Data extract -
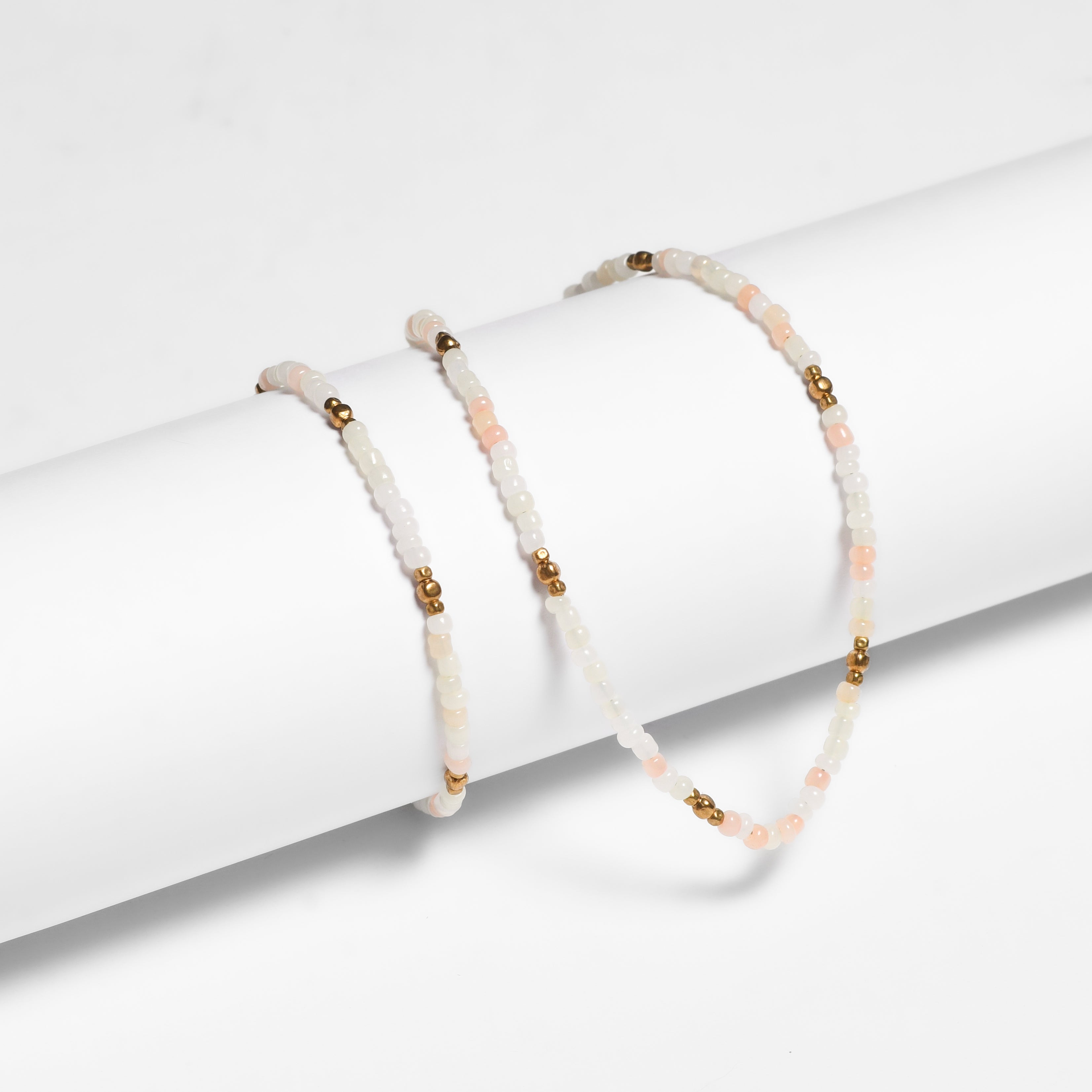 Veranda Beaded Choker and Bracelet Set - Thailand ‐ Peach
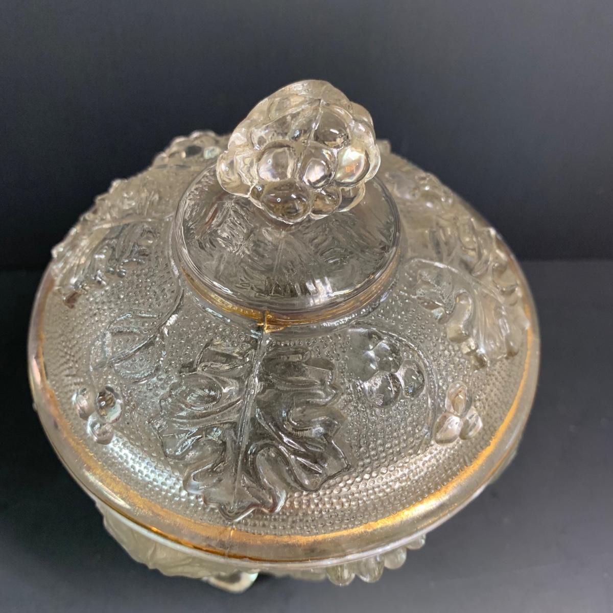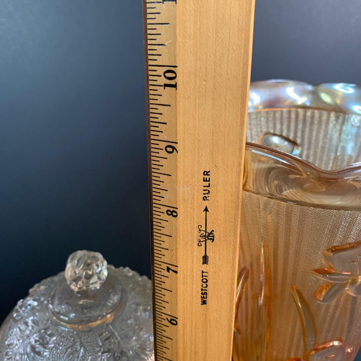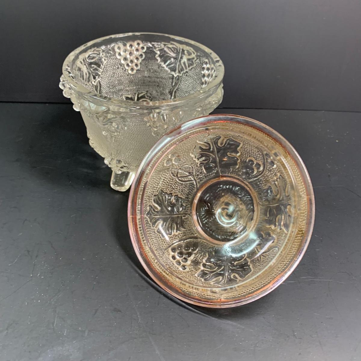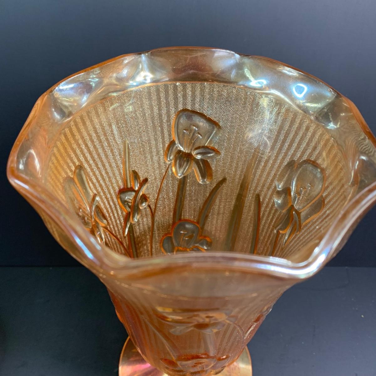 LOT 69R: Vintage Marigold Carnival Glass Powder Jar w/Scottish Terrier, Marigold Carnival Glass Vae & More
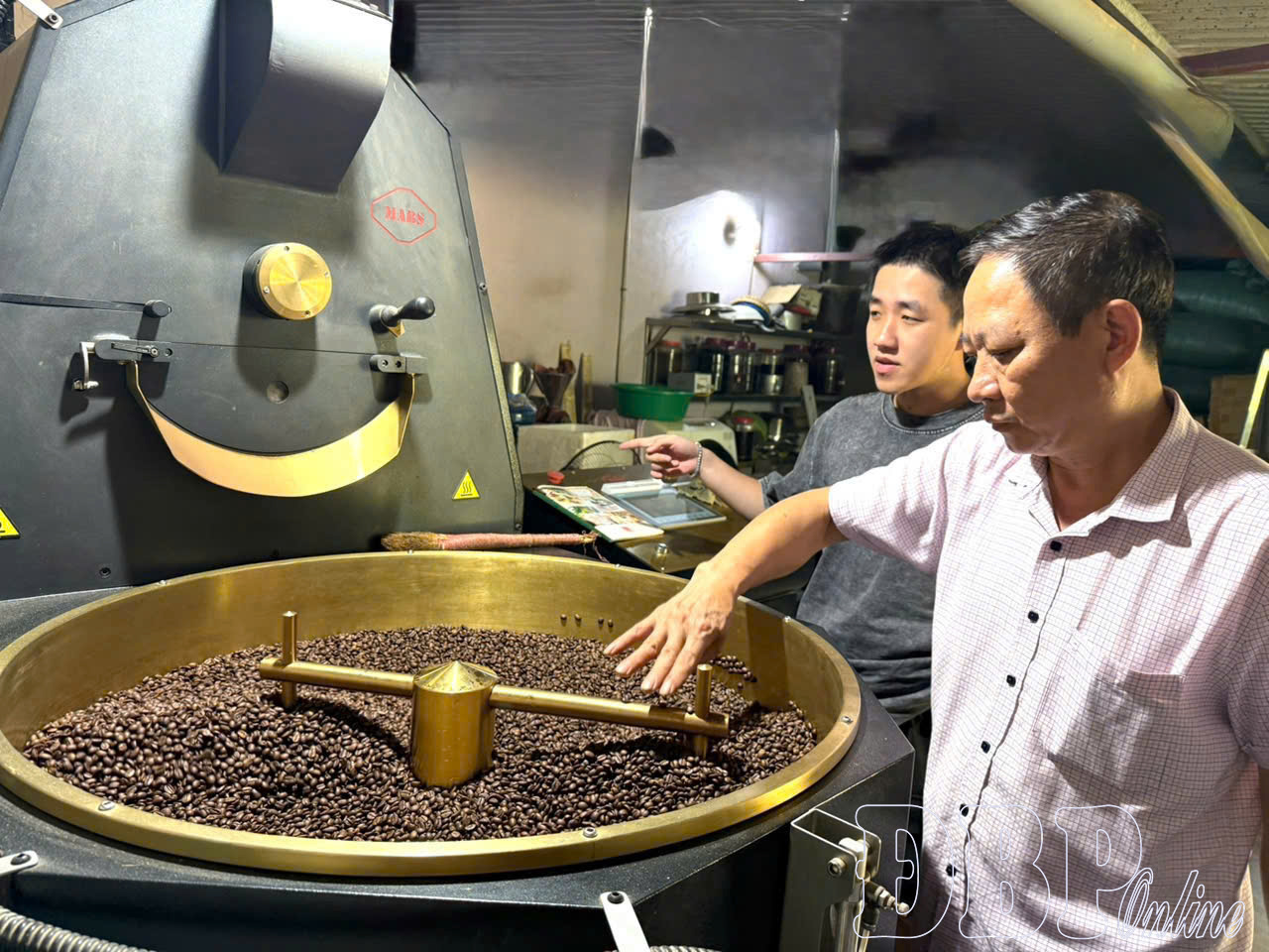 Cơ sở chế biến cà phê Hà Chung đầu tư thiết bị hiện đại sản xuất cà phê.

Requirement - Give the preceding data back exactly, minus every picture.

Task answer -
 Veranda Beaded Choker and Bracelet Set - Thailand ‐ Peach
 LOT 69R: Vintage Marigold Carnival Glass Powder Jar w/Scottish Terrier, Marigold Carnival Glass Vae & More
 Cơ sở chế biến cà phê Hà Chung đầu tư thiết bị hiện đại sản xuất cà phê.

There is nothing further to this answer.